David Eugen · Ständerat · St. Gallen · Christlichdemokratische Fraktion · 2006-06-13

Wortprotokoll

Wir greifen hier ein altes Thema auf, das in diesem Rat schon wiederholt behandelt worden ist. Sie wissen es: Bei der direkten Bundessteuer werden die Einkommen von verheirateten Personen zusammengerechnet, zusammengezählt und dann als Gesamteinkommen besteuert. Das hat zur Auswirkung, dass diese zusammengerechneten Einkommen von einer viel schärferen Steuerprogression erfasst werden und damit wesentlich höher belastet werden, als wenn die beiden Personen nicht verheiratet wären. Das ist das Problem. Es besteht seit langem. Im Jahre 1984, also vor 22 Jahren, hat das Bundesgericht im bekannten Entscheid Hegetschweiler erkannt, dass das verfassungswidrig ist, und zwar verletzt es sowohl den Grundsatz der Gleichmässigkeit der Besteuerung als auch jenen der Besteuerung nach der wirtschaftlichen Leistungsfähigkeit. Diese beiden Grundsätze sind heute ausdrücklich in der Bundesverfassung festgeschrieben, in Artikel 127 Absatz 2.

Das Bundesgericht sagte klar: Ehepaare dürfen erstens nicht stärker belastet werden als Konkubinatspaare, und zweitens soll aber auch die Steuerbelastung nicht davon abhängen, wie sich das Gesamteinkommen eines Ehepaares auf die beiden Ehegatten verteilt. Diese beiden Grundsätze hat das Bundesgericht seinerzeit aufgestellt. Es hat noch eine kleine Relativierung vorgenommen, indem es gesagt hat: Eine Mehrbelastung von etwa 10 Prozent ist noch [PAGE 453] hinnehmbar; wenn sie überschritten wird, dann sind diese Steuerprinzipien nicht mehr gewahrt.
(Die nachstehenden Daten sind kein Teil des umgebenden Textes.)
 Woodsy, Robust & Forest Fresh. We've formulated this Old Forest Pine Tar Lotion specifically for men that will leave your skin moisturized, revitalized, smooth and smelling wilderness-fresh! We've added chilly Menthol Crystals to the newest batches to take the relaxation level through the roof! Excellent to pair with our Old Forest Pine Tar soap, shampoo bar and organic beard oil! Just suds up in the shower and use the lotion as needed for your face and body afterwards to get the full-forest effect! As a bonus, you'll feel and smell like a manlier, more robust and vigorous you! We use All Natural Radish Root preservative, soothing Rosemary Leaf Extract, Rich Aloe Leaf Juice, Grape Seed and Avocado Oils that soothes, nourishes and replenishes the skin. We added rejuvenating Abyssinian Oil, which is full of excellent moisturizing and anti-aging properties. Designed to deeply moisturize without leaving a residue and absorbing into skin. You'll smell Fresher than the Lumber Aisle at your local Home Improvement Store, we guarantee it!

Wie wir wissen, haben die Kantone diese Vorgaben des Bundesgerichtes in den letzten zwanzig Jahren umgesetzt. Anders liegt die Sache auf Bundesebene, beim Bundesgesetz über die direkte Bundessteuer: Hier kann das Bundesgericht nicht intervenieren. Es ist nach Artikel 191 der Bundesverfassung an die Bundesgesetze gebunden, das heisst, es kann das Bundesgesetz über die direkte Bundessteuer im Einzelfall von sich aus nicht ändern. Es ist also Sache des Gesetzgebers, also von uns hier, die notwendigen Anpassungen vorzunehmen. Wie Sie sich alle erinnern, haben wir einen ersten Anlauf gemacht, nämlich mit dem Steuerpaket. Dieses ist am 16. Mai 2004 - ich muss sagen: leider, vor allem in diesem Punkt - an der Volksabstimmung gescheitert.
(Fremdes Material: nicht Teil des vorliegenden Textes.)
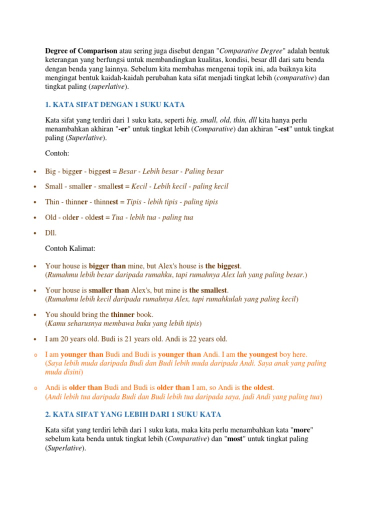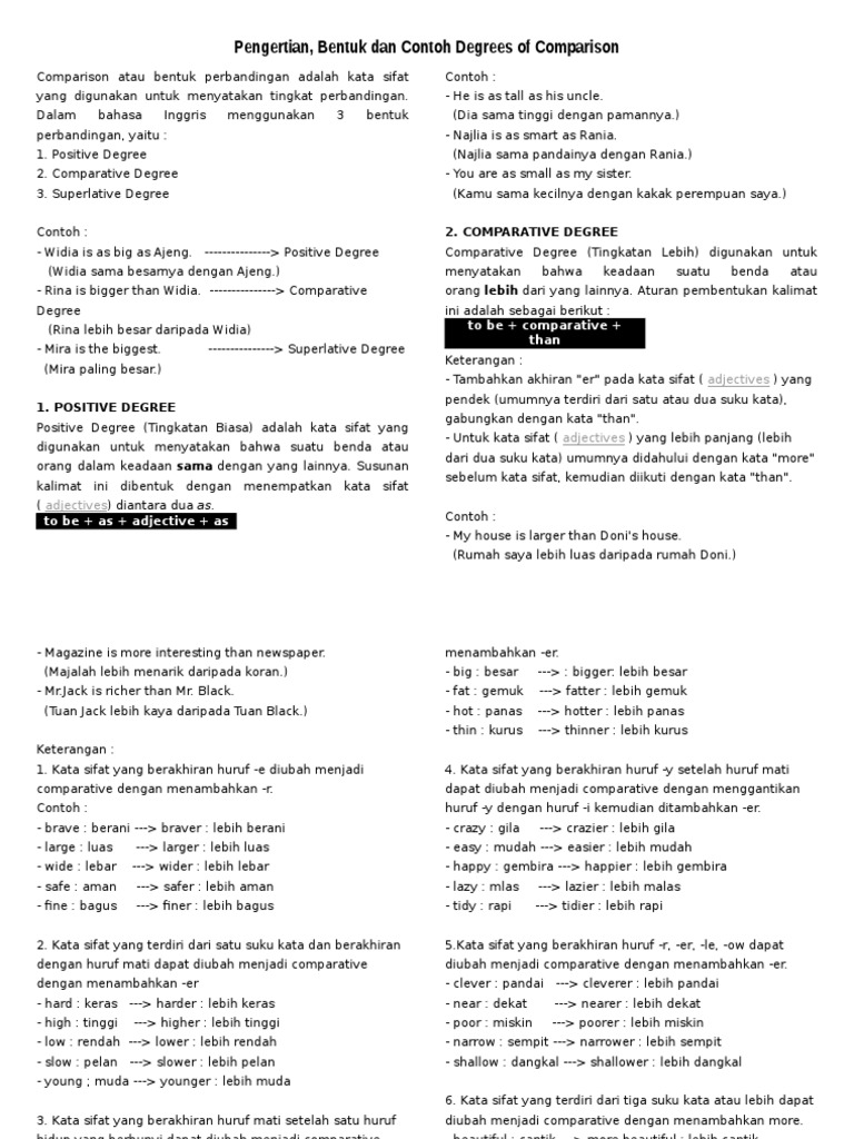 Pengertian dan Contoh The Degrees of Comparison degree. (Tingkat perbandingan / lebih) 3. Superlative degree. (Tingkat terbaik/ paling) Bentuk … 6. Kata sifat yang terdiri atas dua - [PDF Document]

Insbesondere die Kantone haben sich damals gegen dieses Steuerpaket gewendet. Aber sie haben auch immer erklärt, vor allem im Nachgang zu dieser Abstimmung, dass unverändert Handlungsbedarf bestehe bezüglich dieses spezifischen Problems, das mit dem Steuerpaket auch einer Lösung zugeführt worden wäre, nämlich bezüglich des Problems, dass die Ehegattenbesteuerung auf Bundesebene angepasst werden muss. Sie können auch in der Botschaft, die Sie vor sich haben, einer Grafik auf Seite 4479 entnehmen, dass heute die Bundessteuer für ein Ehepaar, bei dem beide Ehegatten ein steuerbares Einkommen von etwa 75 000 bis 80 000 Franken haben, mehr als doppelt so hoch ist, wie wenn diese Ehegatten nicht verheiratet wären. Der oberste Bereich der Mehrbelastung liegt heute bei 108 Prozent, die Verdoppelung der Steuer wird also sogar überschritten. Sie sehen auch, dass diese starke Mehrbelastung vor allem bei mittleren Einkommen vorkommt.
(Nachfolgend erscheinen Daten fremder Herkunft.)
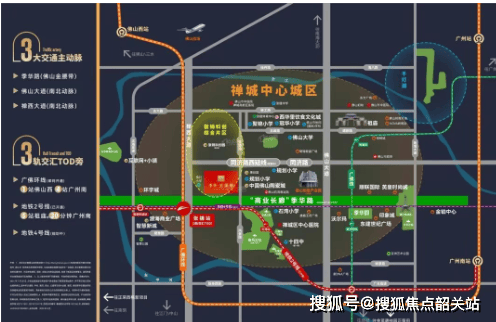 交通网络:三轨交汇TOD,广佛通勤高效便捷
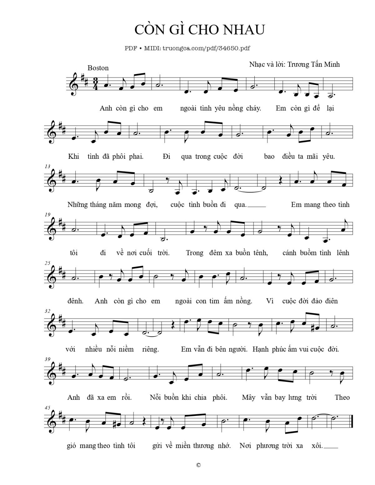 Trương Tấn Minh Anh còn gì cho em Ngoài tình yêu nồng cháy [PDF] [Sheet] [Lời H.A] [Mp4/Midi]
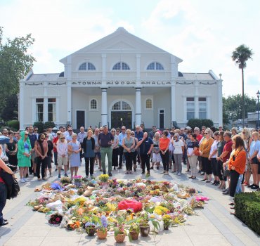A quiet crowd gathered outside the town hall on Friday, March 22 to mark one week since the Christchurch terror attacks.

Die WAK hat im Sommer 2005 den Bundesrat mit einer Motion aufgefordert, Sofortmassnahmen zu treffen. Die WAK war sich damals im Klaren, dass eine langfristige Lösung des Problems sehr viel Zeit beansprucht, insbesondere weil nach wie vor Differenzen bestehen, ob man eher in Richtung Splittingsystem gehen soll wie im Steuerpaket oder ob man eben in Richtung Individualbesteuerung gehen soll. Die Unterlagen, um diesen Systementscheid zu treffen, liegen nicht vor. Es ist auch so, dass die Kantone eine klare Position zugunsten des Splittings bezogen haben und es jetzt sehr schwierig wäre, hier einen solchen Grundsatzentscheid mehrheitsfähig zu machen. Hingegen war die WAK erstens klar der Meinung, es sei auch im System des bestehenden Steuergesetzes möglich, hier wenigstens eine Linderung zu bringen. Sie war zweitens der Meinung, die Linderung dieses Problems müsse mindestens zusammen mit der Unternehmensbesteuerung erfolgen. Es kann also nicht angehen, dass wir auf der einen Seite im Sektor Unternehmensbesteuerung jetzt einfach voranschreiten und die notwendigen Reformen machen - die wir übrigens ja alle unterstützen, wie man auch jetzt gesehen hat - und auf der anderen Seite das schon viel länger bestehende Problem der Ehepaarbesteuerung nicht lösen.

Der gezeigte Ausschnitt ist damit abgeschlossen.